▶ **Task goal**: All lines from the one containing "而充值限额则是预防未成年人在" through the end of the material below are to be printed exactly, both ends included, minus pictures.

▶ **Source material**:
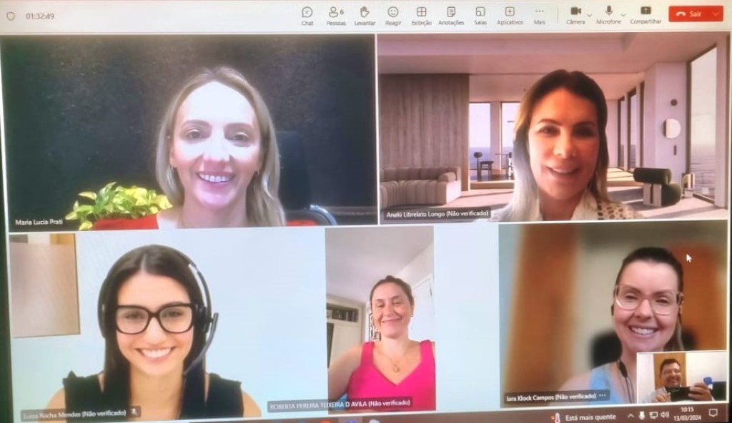 #Paratodosverem. Esta matéria possui recursos de texto alternativo para promover a inclusão das pessoas com deficiência visual. Primeira imagem: No canto esquerdo superior, a juíza da Comarca de Campo Verde, Maria Lúcia Prati, e a sua direita, a promotora de Justiça de Santa Catarina, Analú Librelato. Ainda na mesma imagem, no canto direito inferior, a promotora de Justiça da Comarca de Santa Rosa do Sul, Iara Klock Campos, membro do Núcleo Permanente de Incentivo à Autocomposição. Ao centro da imagem, as servidoras Roberta Pereira que veste blusa rosa e Luiza Rocha de blusa preta e fone de ouvido.
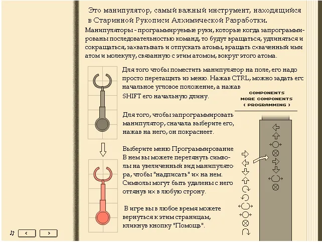 При входе в геймплей на трех страницах кратко излагаются основы игры, и идет знакомство с элементами игры, которые можно использовать в игре. В игре нет учебного уровня, нет большого мануала с инструкциями и примерами. Всё что нужно, вы узнаете по мере игры, читая всплывающие подсказки при наведении на тот или иной элемент или инструмент.
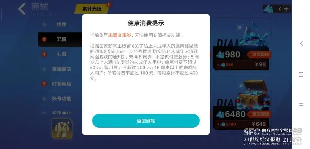 而充值限额则是预防未成年人在游玩中大额充值的一道必不可少的门槛。根据2019年国家新闻出版署印发《关于防止未成年人沉迷网络游戏的通知》中的相关规定,网络游戏企业不得为未满8周岁的用户提供游戏付费服务,8周岁以上未满16周岁的用户,单次充值金额不得超过50元人民币,每月充值金额累计不得超过200元人民币;16周岁以上未满18周岁的用户,单次充值金额不得超过100元人民币,每月充值金额累计不得超过400元人民币。
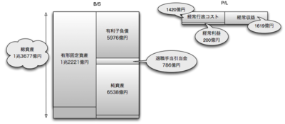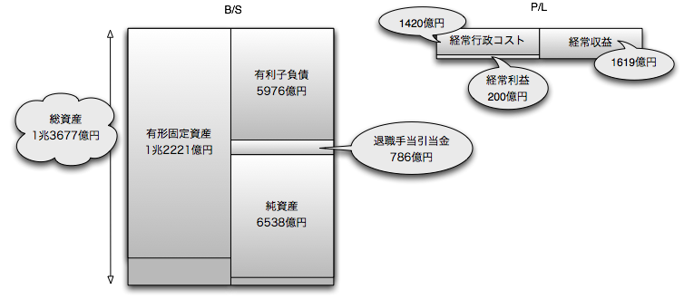 地下鉄という典型的なインフラ系の事業であるだけに、財務諸表も一見してわかるとおりインフラ系の特徴を示している。大きな貸借対照表に小さな損益計算書、そして、貸借対照表のほとんどを有形固定資産が占めている。

▶ **Result**:
 而充值限额则是预防未成年人在游玩中大额充值的一道必不可少的门槛。根据2019年国家新闻出版署印发《关于防止未成年人沉迷网络游戏的通知》中的相关规定,网络游戏企业不得为未满8周岁的用户提供游戏付费服务,8周岁以上未满16周岁的用户,单次充值金额不得超过50元人民币,每月充值金额累计不得超过200元人民币;16周岁以上未满18周岁的用户,单次充值金额不得超过100元人民币,每月充值金额累计不得超过400元人民币。
 地下鉄という典型的なインフラ系の事業であるだけに、財務諸表も一見してわかるとおりインフラ系の特徴を示している。大きな貸借対照表に小さな損益計算書、そして、貸借対照表のほとんどを有形固定資産が占めている。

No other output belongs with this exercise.